1. Probabilistic ML: What is it? Why use it?

Congratulations!

You’ve been hired to join the machine learning team at the Intergalactic Hypothetical Hospital (IHH), where you’ll be leveraging routinely collected medical data to help improve treatment for beings across the galaxy.

1.1. Your Role at the Intergalactic Hypothetical Hospital (IHH)

About. The IHH is a research and teaching hospital located in the far corner of the universe. It serves a large number of intergalactic beings in the area. Like many modern hospitals, it collects large amounts of data about its patients (with their consent, of course), with the goal of leveraging this data to improve patient care. Unfortunately, doctors are incredibly busy focusing on the patients; when a new patient arrives, they don’t have time to inform their care based on the data they have. That is, they don’t have time to comb through all previously collected data, find similar patients, and determine how care for previous patients informs care for new patients. Moreover, they don’t have time to look at population-level trends or use data to research new treatment methods.

The Machine Learning (ML) Team. As a result, the IHH has created a new ML team—the first of its kind! And they have hired you to join them. The goal of the team is to assist IHH researchers and clinicians in:

• Answering scientific questions, like better understanding the course of certain diseases.

• Develop predictive models to identify patients at risk of certain diseases.

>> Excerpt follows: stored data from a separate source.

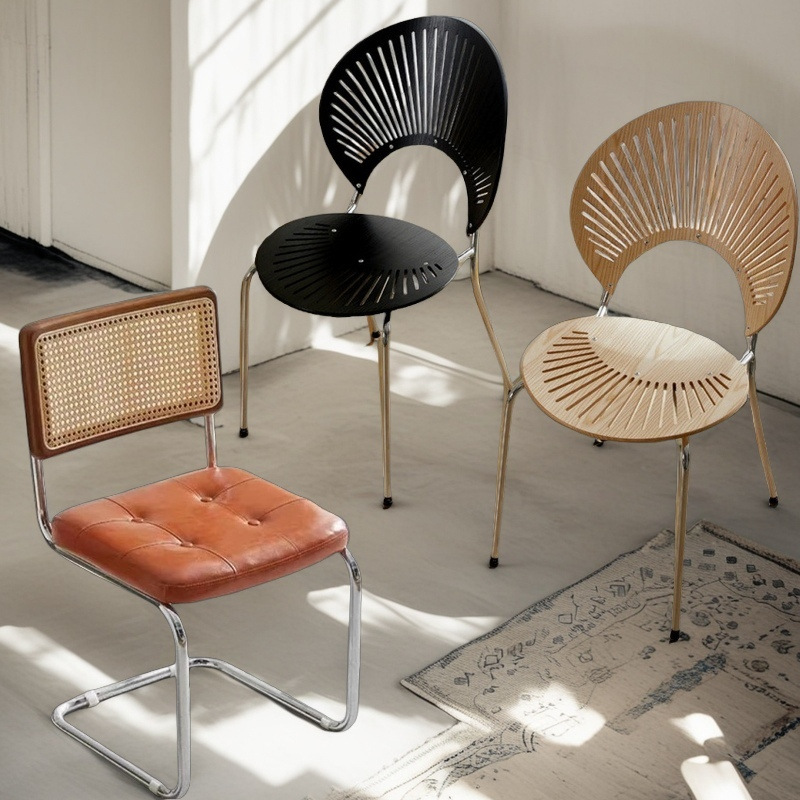 Kursi Kerang Kayu Solid Eropa Utara Kursi Makan Kursi Selempang Kursi Selempang Internet Kursi Meja Makan Sederhana Abad Pertengahan Retro Prancis Kursi Rias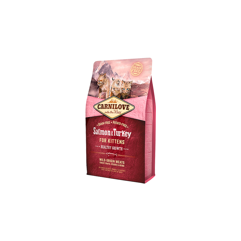 Lõhe ja Kalkuniga täissööt. Teravilja- ja kartulivaba toit kassipoegadele. Retsept on loodud skeleti, lihaste ja organismi kaitsevõime tasakaaluka arengu tagamiseks.
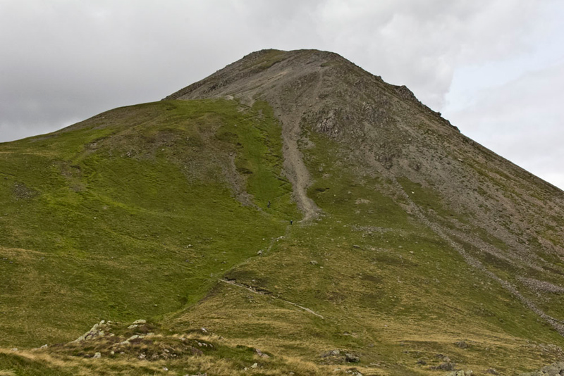 "Aye lad", replied Dad, "but I was well aware of what we faced. Originally the path was straight up where the scree is in the centre. That got so eroded, that there is now the series of zigzags just to the left. You can see the gentlemen from Barrow just starting up those. At the top the path cuts right across the scree to gain the final ascent."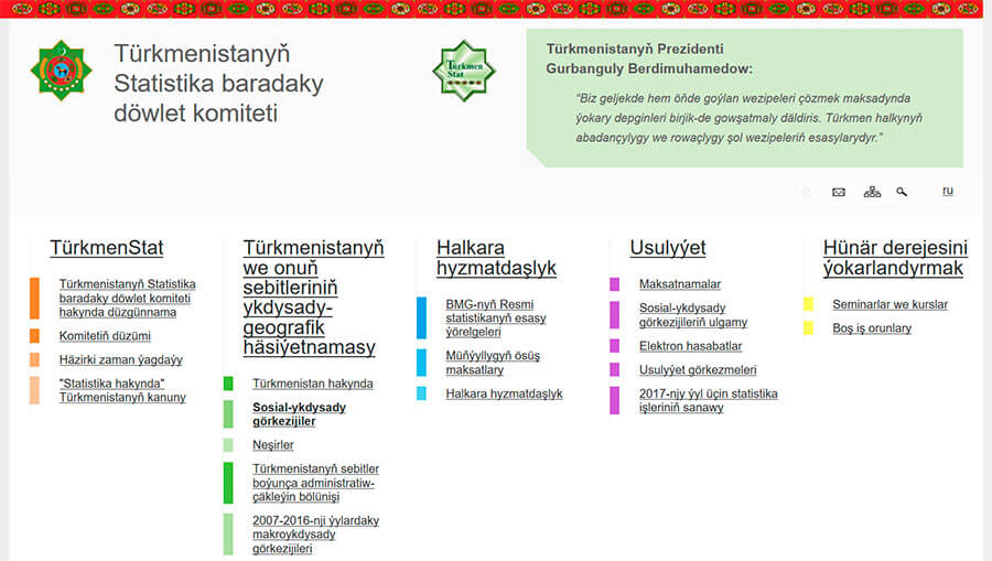 Gynansakda, Türkmenistanyň statistika baradaky döwlet komitetiniň saýty geçen asyrda döredilip taşlanana meňzeýär. Meselem, ýonekeý san – Türkmenistanyň ilat sany görkezilenok. 2012-nji ýylyň aýagynda Türkmenistanda ilat we ýaşaýyş jaý gorunyň uçdantutma ýazuwy geçirildi. Emma bu ýazuwyň netijeleri henizem näbelliligine galýar.
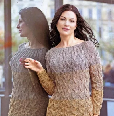 Внимание! Вяжите нитью в два сложения. Для достижения эффекта градиента вяжите сначала золотистой нитью в два сложения 20 см, затем 20 см (в рукавах – 22 см) золотистой + светло-коричневой нитью и далее до конца работы вяжите светло-коричневой нитью в два сложения.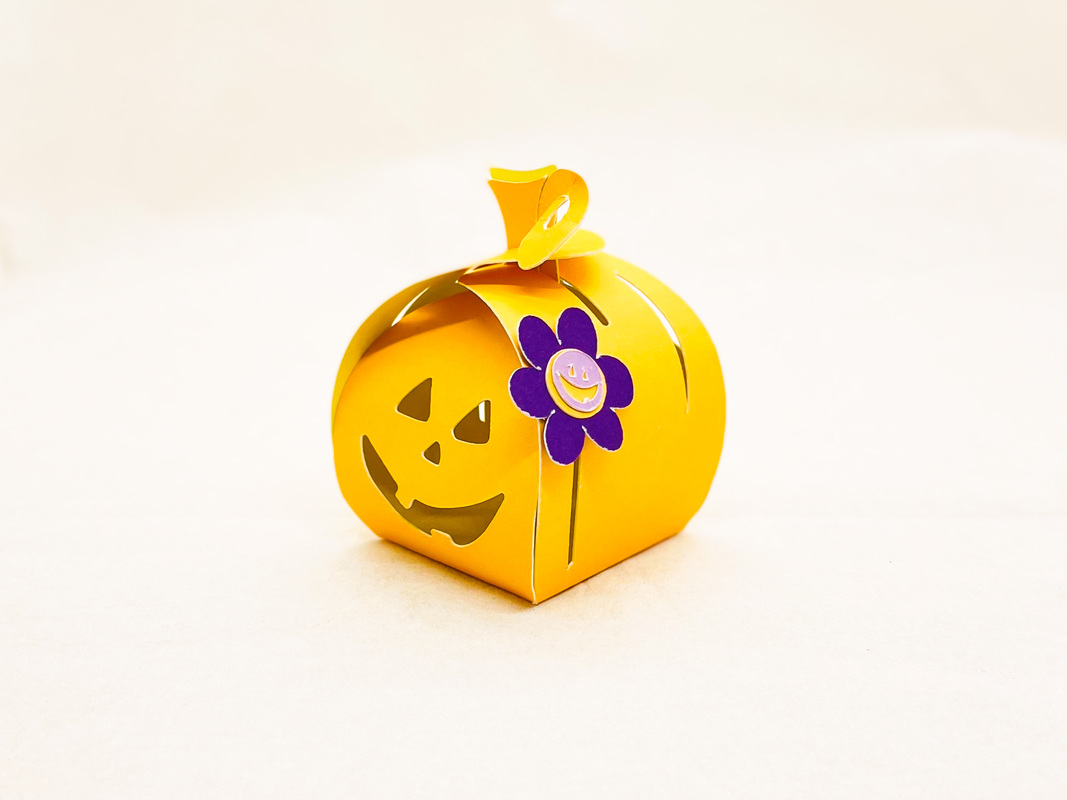 Plotterdatei bzw. pdf-Vorlage für eine Geschenkbox Kürbis mit lachendem Gesicht und Blume
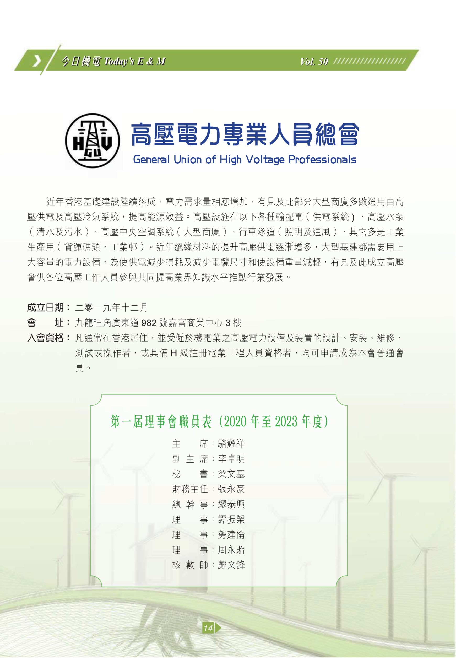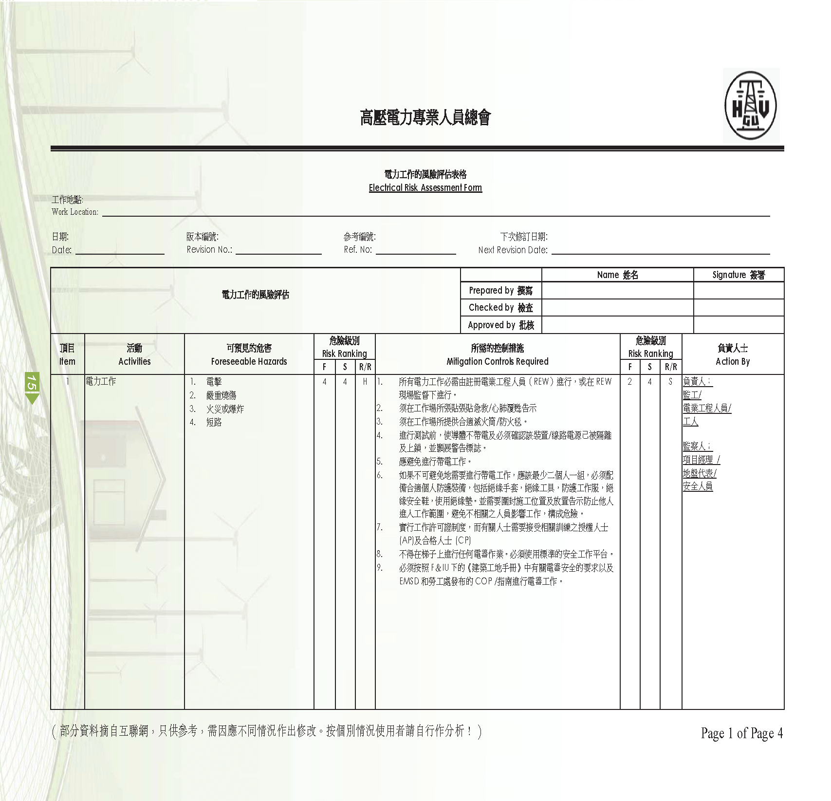 【今日機電第50期】新工會簡介-高壓電力專業人員總會及50-05b 電力工作的風險評估表格
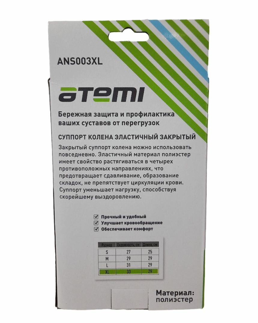 Суппорт колена ATEMI , ANS003XL, эластичный, закрытый, полиэстер, размер XL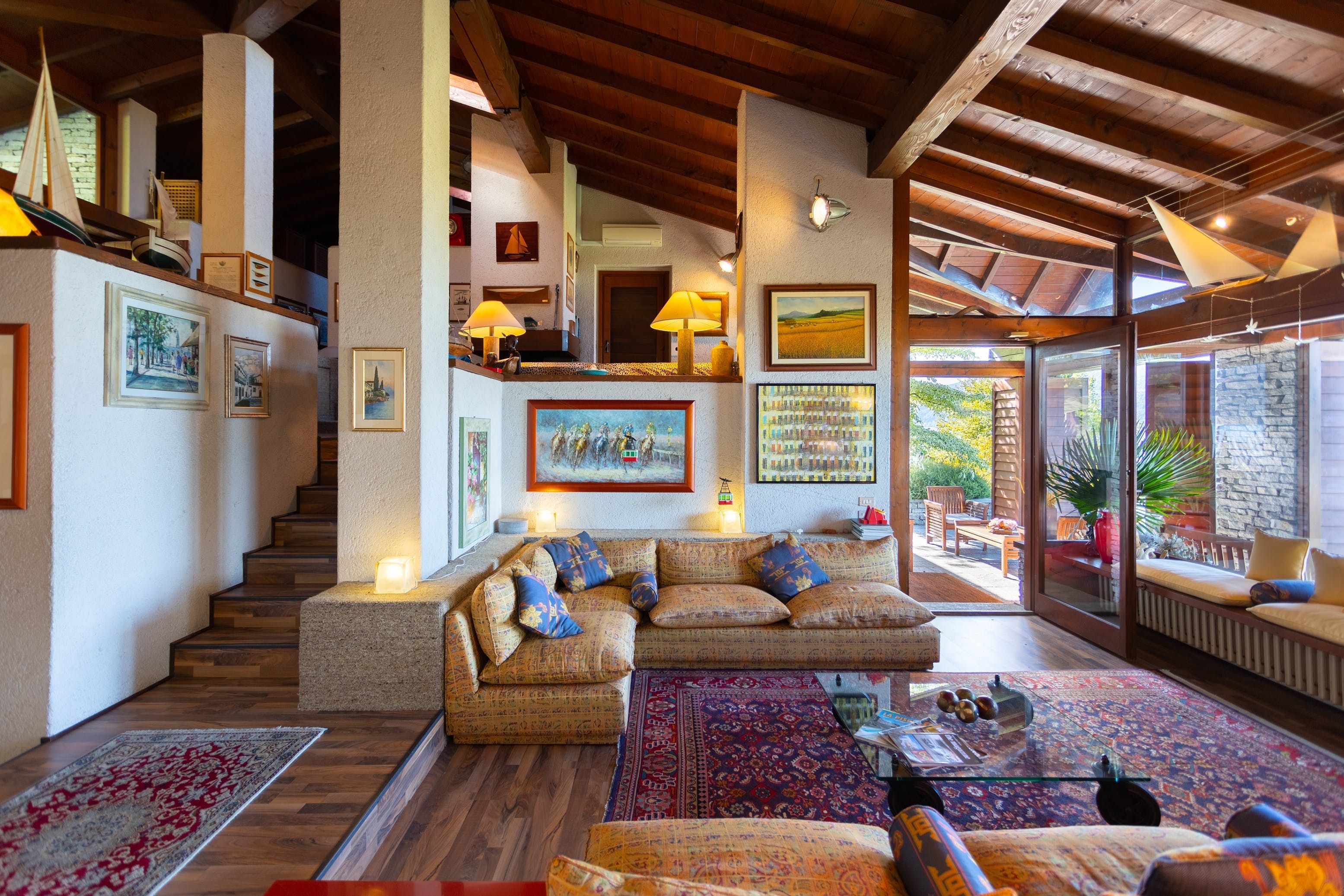 This idyllic villa is perched right on Lake Maggiore, with direct access to a private stretch of beach, so it's perfect for a serene lakeside getaway. If that wasn't enough, you can also unwind in the private sauna, take a dip in the pool, or while away the days on a lounger, taking in views of the mountains. A real highlight is the ground-floor suite, where you'll have direct access to the garden (and a jacuzzi with a view) – but upstairs, the living room is the more homely space, with its high ceilings and whimsical decor. As secluded as this home may seem, it's an easy drive to Laveno-Mombello, and the centre of Ispra is just a fifteen-minute walk away.
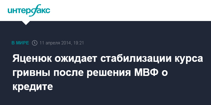 Киев. 11 апреля. INTERFAX.RU - Девальвация гривны связана с действиями России, связанными с неми протестами на юго-востоке и недостатком золотовалютных резервов, однако ожидаемое скорое решение МВФ о выделении финансовой помощи Украине стабилизирует курс, заявил глава украинского правительства Арсений Яценюк.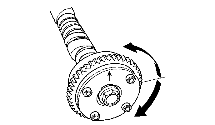 5. Check that the variable valve timing control (VTC) actuator is locked by turning the VTC actuator clockwise and counterclockwise. If the VTC actuator is not locked, replace the VTC actuator.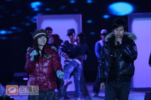 中新網12月31日電 12月30日晚,“2009湖南衛視跨年演唱會”進行首次帶機聯排。記者現場看到,張杰牽手謝娜共唱情歌,舞臺上“眉來眼去”,曖昧不已。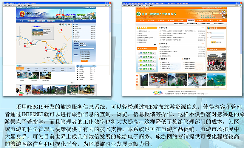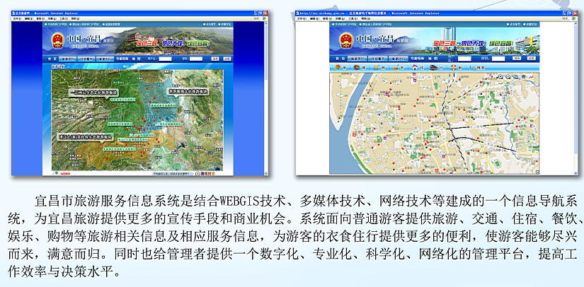 2010年公司为宜昌市政府开发的宜昌市旅游信息管理平台,有效管理宜昌市旅游相关的“吃住行游购娱”相关信息,为旅游信息管理及后期深度挖掘搭建了平台,有一定推广价值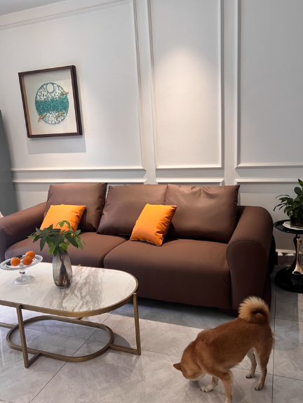 The sofa fabric is nice, and the style is just what I wanted — super comfortable and relaxing to sit on.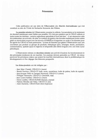 In : Fiches produits n. 2. Mise à jour juillet 1994. Observatoire des marchés internationaux. CIRAD-CP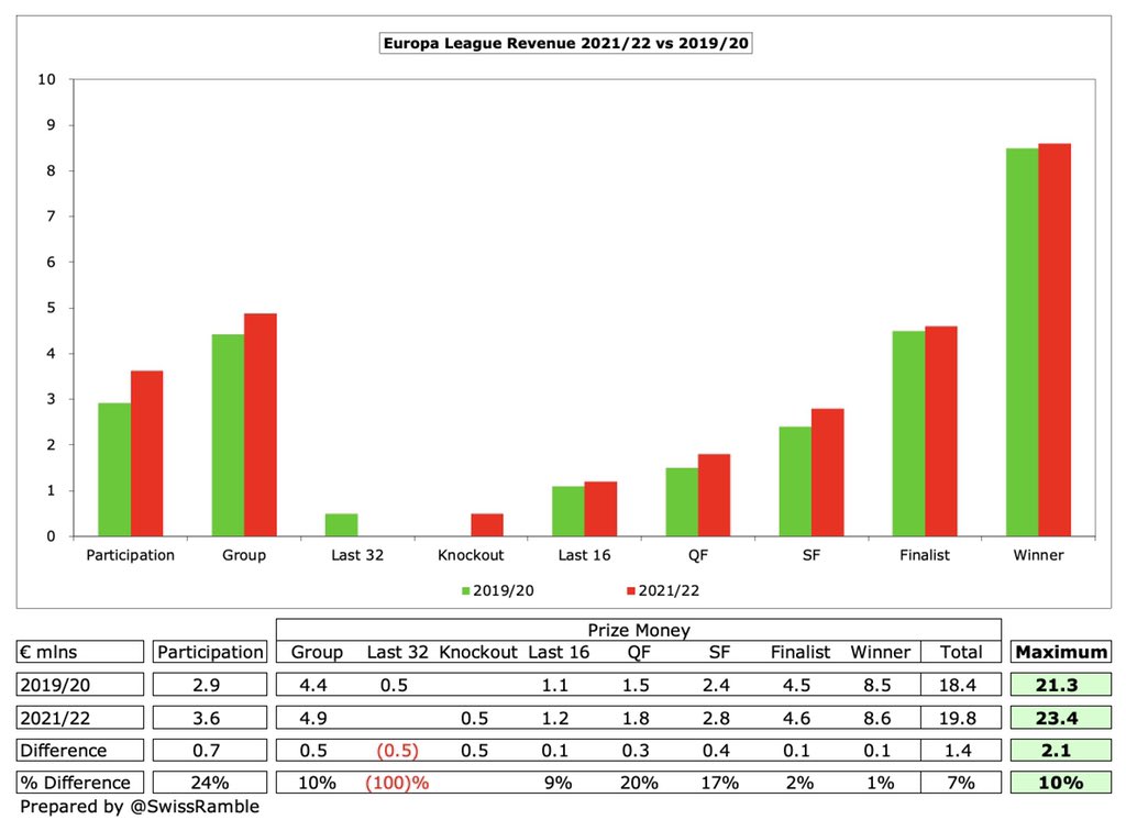 Swiss Ramble در توییتر The 2021 22 Europa League Prize Money Has Risen By 10 Over Current Cycle With The Highest Increase 24 In The Participation Fee But Only 1 More For The

The challenges they encounter in their data are unique, so as a result, you may have to develop new ML methods to address their unique problems.

What is ML? Broadly speaking, ML is a paradigm of Artificial Intelligence (AI) that allows a computer to learn patterns from examples. In contrast, traditionally AI focused more on algorithmic/case-based reasoning. Now, the two terms are used more interchangeably. Nonetheless, let’s illustrate the difference.

• AI via algorithmic/case-based reasoning. This paradigm is typically applied to problems where we have a good understanding of the mechanics. For example, suppose you wanted to play a game of tic-tac-toe against your computer. You can enumerate all possible courses of the game. You can program the computer to look at all possible future courses, and only choose ones in which it will win/tie.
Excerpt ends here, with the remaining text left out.